O presidente estava propondo ser aquele que viria para "explicar". Uma espécie de chosen one. Depois das declarações acima, temos razão de acreditar que, hoje, se há alguém confuso sobre a história da "caixa preta", essa pessoa é o presidente.

Qual é a base para esta confusão? Possivelmente o excesso de pressão e, como não cansamos de destacar, as premissas incompatíveis que Montezano tem que atender: agradar a "doidos" e aos fatos.

Montezano não gosta do apoio bilionário à JBS. Ele é contra. Tão contra que acha que não precisa colocar em discussão o apoio. Ele propõe aprender com os erros do passado, mas não analisa a política, seus acertos e erros. Ele é contra e ponto final. Não importa se cresceu a exportação de carne, se o BNDES ganhou muito dinheiro com as operações, se a qualidade do abate no Brasil melhorou, quanto o BNDES (junto com o mercado) aplicou e quanto a empresa cresceu. Não interessa se faz ou não diferença termos um setor de proteína animal na mão de nacionais ou de estrangeiros. Trata-se de um apoio errado porque foi muito grande e – com base no que ele diz, podemos acrescentar – porque a JBS se revelou uma empresa corrupta. Assim, o apoio do BNDES à JBS é qualificado, paradoxalmente, como corrupto, mesmo que não haja evidência de corrupção. Esse é o conceito do "esquema de corrupção legal" de Montezano. Mau uso da dialética.

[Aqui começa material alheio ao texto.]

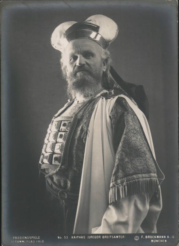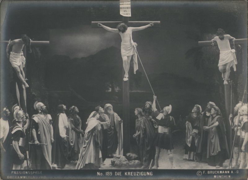 Passion Play Oberammergau 1910 - The Crucifixion A scene from the Oberammergau Passion Play of 1910, depicting the crucifixion with Jesus on the central cross, flanked by two other crucified figures. A crowd of onlookers is gathered below. Kaiphas (Gregor Breitsamter) Oberammergau Passion Play 1910 Oberammergau Passion Play 1910 - The Foot Washing RABBI ARCHELAUS (WILHELM RUTZ) Passion Play 1910 Portrait of Wilhelm Rutz as Rabbi Archelaus from the Oberammergau Passion Play of 1910. He is depicted with a beard, wearing a cap and a fringed garment. Petrus Andreas Lang as Peter in Passion Play Judas Ischariot, Johann Zwink, Oberammergau 1910 Jesus Anton Lang, Passionsspiele Oberammergau 1910 Judas' Despair in High Council, Oberammergau Passion Play The scene depicts Judas Iscariot in despair before the High Council, a moment from the 1910 Oberammergau Passion Play. JESUS UND SEINE MUTTER IN BETHANIA Oberammergau 1910 Jesus in Bethania, Passionsspiele Oberammergau 1910 A scene from the Passion Play depicting Jesus interacting with a woman, with other women standing behind her. |

Não ocorre ao sr. Montezano que talvez hoje, no seu mandato, o BNDES pode estar apoiando empresas corruptas. O Banco apoia milhares de empresas e continua emprestando montantes significativos para elas. Se sua teoria for correta, ele pode estar se envolvendo em inúmeros "esquemas de corrupção legais", de novo, segundo sua própria definição.

Se um banco financia uma empresa com base em critérios legais – ou seja, sem se envolver em atos de corrupção, e sem o conhecimento de práticas ilegais desta mesma empresa –, seu apoio não pode ser considerado corrupto. Também não pode ser considerado que a sociedade criou leis corruptas para permitir esse apoio. A auditoria, o juiz, as comissões de apuração interna, os fatos apurados nas CPIs, mostram que o apoio foi feito com base em critérios legais e boa-fé. E também não há indicação de que os empregados do Banco estivessem a par de ilegalidades cometidas pela JBS.

E isso vale para todos que se relacionam com uma empresa corrupta, não apenas os seus financiadores. Seus empregados não são corruptos, seus fornecedores não são corruptos etc. – de novo, para ser didático, desde que tenham se envolvido com a empresa com base em critérios legais e não tenham feito parte, ou estivessem conscientes, dos esquemas de corrupção da mesma.

Como poderia fica mais claro o discurso do sr. Montezano? Ficaria mais claro se ele admitisse que existem duas discussões diferentes. A primeira: há ou não "caixa-preta" (falta de transparência ou esquema de corrupção) no BNDES? A segunda: qual foi o balanço das políticas de apoio à exportação de serviços de engenharia e de apoio a empresas nacionais por meio de participações. Ele deveria responder sem rodeios sobre a primeira questão: minha gestão concluiu que não há "caixa-preta" no BNDES. Sobre a segunda questão: eu não gosto das políticas, mas nunca as submeti a qualquer discussão com os técnicos do Banco. Fazemos um apelo: Por favor, e mesmo em benefício da inteligibilidade do seu discurso, pare de confundir as duas coisas. Pare de chamar de corrupta a política que você não gosta.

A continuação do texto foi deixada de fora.